The thing is, you probably already have a pretty firm opinion about this. Much like Marmite, there’s generally a clear divide between those who go for faux and those who would never be without real.
The greatest advantage of life-like trees is that they are, of course, less messy. With no dropping needles and no need to water, this is a good option if you’re not inclined to sweep up and top up every day or if you have crawling little ones to worry about. Life-like trees should be viewed as an investment though. A good one (and it is well worth getting a good one with realistically textured branches and a not completely perfect shape that evokes nature) will set you back more than a real tree, but you should have it for many, many more years.
A word of warning: if you’ve settled on life-like, we wouldn’t recommend a pre-lit tree. Should the lights stop working, you’ll need to throw out the whole thing.

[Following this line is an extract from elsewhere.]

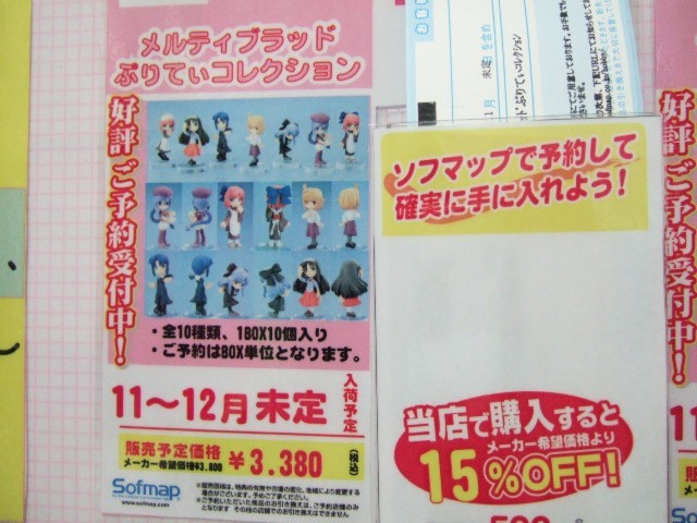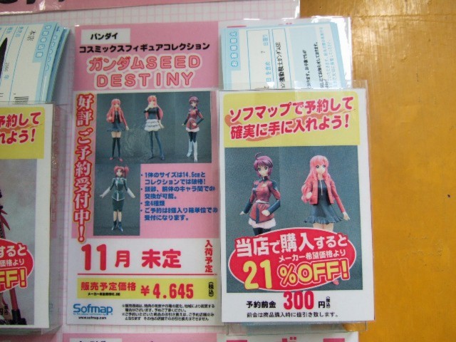 ソフマップ本店では、バンダイの「コスミックスフィギュアコレクション 機動戦士ガンダムSEED DESTINY編」(AM)と、アルターの「MELTY BLOOD メルティブラッド ぷりてぃコレクション」(AM)の予約受付が開始していました。

Those who sit in the real tree camp will tell you a large part of the appeal is the scent. There’s nothing like the fragrance of the tree – especially when you come downstairs in the morning – to remind you of childhood Christmases. Real trees also have a great deal of character, each an individual personality. And then there’s the thrill of the hunt, which can become a yearly family tradition.
As for the environmental credentials of real and life-like trees, it’s largely a case of six and two threes. The longevity of a life-like tree should offset the footprint of production and, eventually, recycling. While a real tree, when responsibly sourced, will appeal to those concerned about reducing plastics and can be picked up by local councils after Christmas for reusing as mulch.